## Transcribed Text

1. Using data from a case-control study with 697 people, we want to model the probability of having lung cancer. The main independent variable is exposure to second-hand smoke. We also want to control for college degree (yes or no), type of work (blue collar or white collar), sex, and age. For the categorical variables, referent levels are no exposure, no college degree, blue collar, and female.
Two logistic regression models have been run. The first (full) model contains all five variables, and the second contains only exposure, sex, and age.

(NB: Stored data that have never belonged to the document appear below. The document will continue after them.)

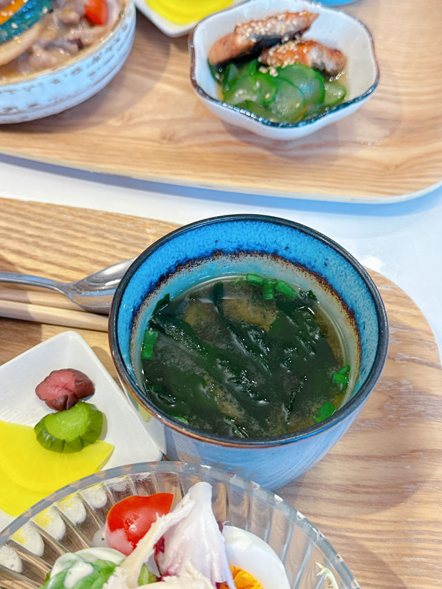 The cozy little shop Jiangma✨ in Ngau Tau Kok has always focused on Japanese set meals. The restaurant environment is simple and warm, with wooden elements as the main decoration, matched with soft lighting to create a comfortable dining atmosphere. There are Japanese illustrations on the wall, adding a bit of artistic atmosphere. Recommended for dinner with friends or family💕 The popular 🔹One Juice and Three Dishes lunch set is made with Japanese rice. The rice grains are distinct, sweet and delicious. The miso soup is light and smooth, and there are also sour and crispy pickles to add a fresh feeling to the whole meal. No wonder it has become a popular choice! 🔹Miso stir-fried vegetables and pork The pork is fried to perfection, tender and juicy, and paired with a variety of fresh seasonal vegetables, it is delicious and fragrant. The aroma of miso adds a layer of flavor to the whole dish, making everyone's appetite grow. 🔹Teriyaki salmon with ginger tartar sauce The salmon is tender, and the sweet teriyaki sauce and spicy ginger are perfectly combined, making every bite full of layers of flavor~ 🔹Eel pickled cucumber A very refreshing dish. The cucumber is sliced ​​thinly and is crispy and refreshing. The pickled eel is sour and sweet, very appetizing. 🔹Shredded Chicken Salad A light choice~ Fresh shredded chicken paired with fresh salad and topped with a special sauce, it is colorful and refreshing. 🔹Korean pickled mustard greens, pork, corn, hot spring eggs, Korean-style sweet and spicy sauce, Western-style handmade noodles Served with cream pumpkin soup and drinks. The handmade noodles have a smooth texture and are paired with Korean pickled leaves, pork, corn and hot spring eggs. The Korean sweet and spicy sauce and the chewy noodles complement each other, making it a very rich main dish. 🔹Drinks In terms of drinks, Jiang Ma offers options such as hot Japanese green tea, hot Earl Grey tea, and hot American coffee. Hot Japanese Green Tea is refreshing and smooth, while Hot Earl Grey is rich and mellow, exuding a unique flavor and aroma. Ginger Mom ✨ 📍Room A, 1/F, Ocean Industrial Centre, 29 Tai Yip Street, Ngau Tau Kok
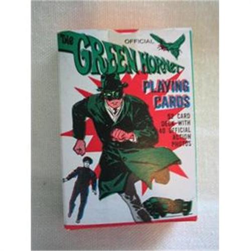 This 52 card deck with 40 official action photos of The Green Hornet Playing Cards is from 1966. The box is marked: 1966 Greenway Productions Inc. Twentieth Century-Fox Telivision Inc. and The Green Hornet Inc. In very good condition, the box does have a tape mark on it, they would make a great addition to any Non Sport, Action Hero or Telivision Card Collection. I have 3 of these decks in stock. Price quoted is for each deck ordered. <BR>SH & Ins. will be quoted after orders placed. If you have questions feel free to contact me and thank you for looking.
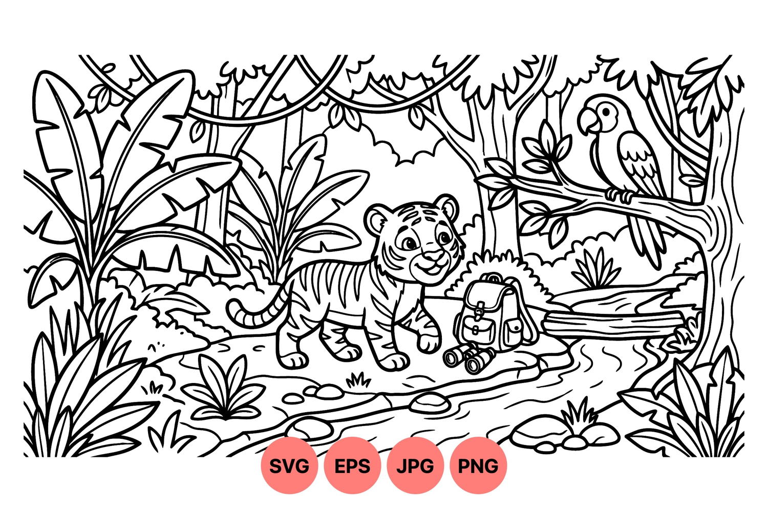 Jungle Animal Clipart Black And White Drawing Children Coloring Page Cute Tiger Vector Wildlife Cartoon Design Explorer Adventure Art Forest Scene Illustration Tropical Nature Graphics Animal Kids Vector Adventure Gear Drawing
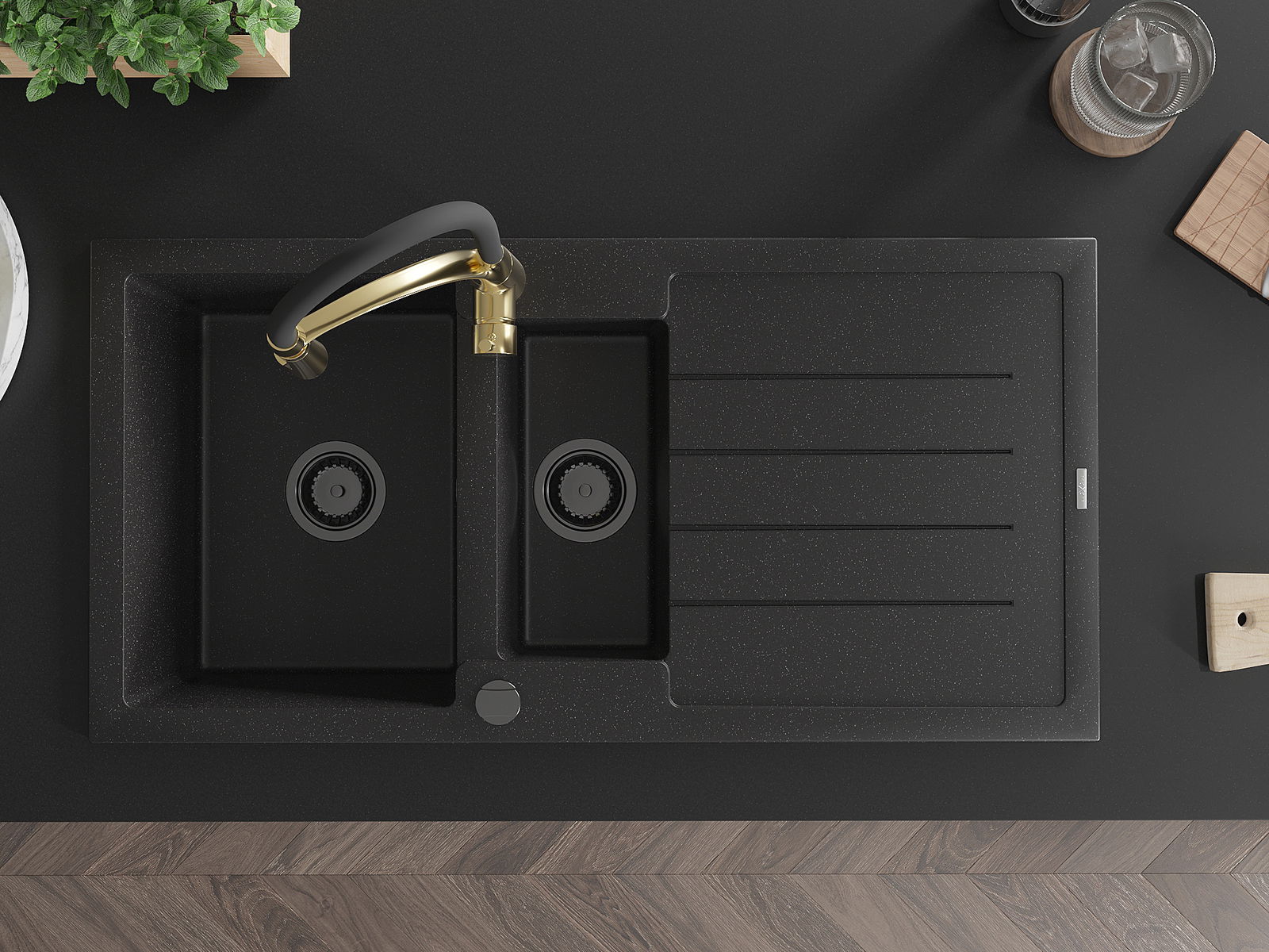 Mexen Andres évier en granit 1,5 bac avec égouttoir et robinet de cuisine Aster, noir/argent - 6515-73-73450-57-B
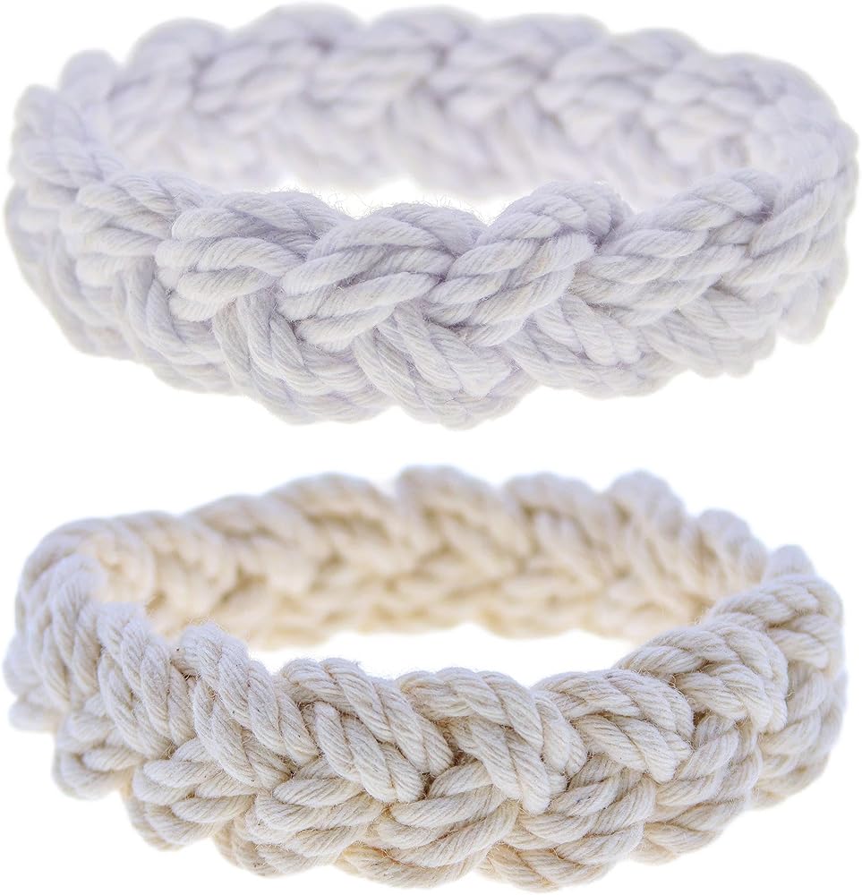 - Natural and white braided rope fisherman bracelets, great for teens, men and women
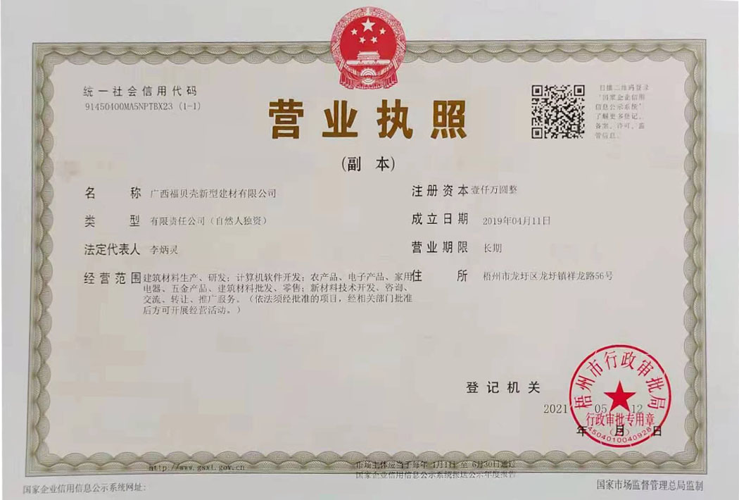 本公司研发生产的福贝壳贝壳粉是贝壳粉涂料行业中首家在研发、生产、销售贝壳粉涂料等业务通过ISO9001国际体系认证标准的企业,公司业务覆盖全国,专注于环保涂料和施工性能的研发,立志做全球室内墙壁环保性能卓越的涂料品牌。
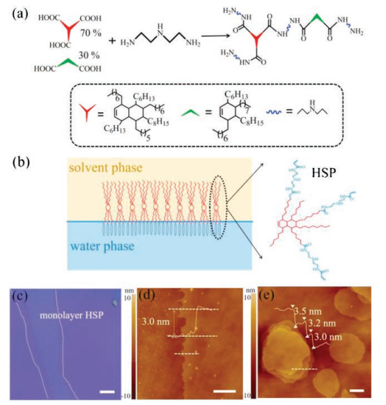 Figure 1 (a) Schematic illustration of the synthesis of HSP molecules. (b) Schematic view of monolayer HSP film formed on CHCl3/H2O interface. (c) The optical microscopy image of monolayer HSP film on SiO2/Si. The scale bar is 200 μm. (d) AFM image of monolayer HSP film on SiO2/Si. The scale bar is 1 μm. (e) AFM image of a multi-layered HSP film. The scale bar is 1 μm.

i) Using the first model, interpret the results for exposure, college, sex, and age. For each variable, use the CI for the odds ratio (whether or not it includes 1) and/or the p-value to assess “significance”. For results that are significant, interpret the odds ratio (as an estimated relative risk) to complete your interpretation.
ii) Perform a likelihood ratio test that all non-significant variable(s) can be removed from the full model. Show how you calculated the test statistic, state the rejection region, and interpret the result of the test.
iii) There should be one number that must be the same for both the full and reduced models in order for the likelihood ratio test to be valid. Give that number.
iv) Give a brief plausible explanation why the variable(s) cannot all be removed in the likelihood ratio test in part (ii). What could you look at to see if your explanation was correct?
2. The number of times a person needed to take pain medicine in the three days after surgery is recorded for 58 patients. We also have the type of surgery used (experimental or standard), as well as the sex and age of the patient.
i) Explain why Poisson regression, rather than a linear model, is the better approach here.
ii) For each variable in the model, give the p-value from the partial test, and interpret the result. Use the exponentiated least squares means for any “significant” categorical variable to help complete the interpretation.
iii) Calculate and interpret the rate ratios for surgery type and age.
iv) This model has no interaction terms, but describe what an interaction between sex and surgery type would mean in the context of this problem.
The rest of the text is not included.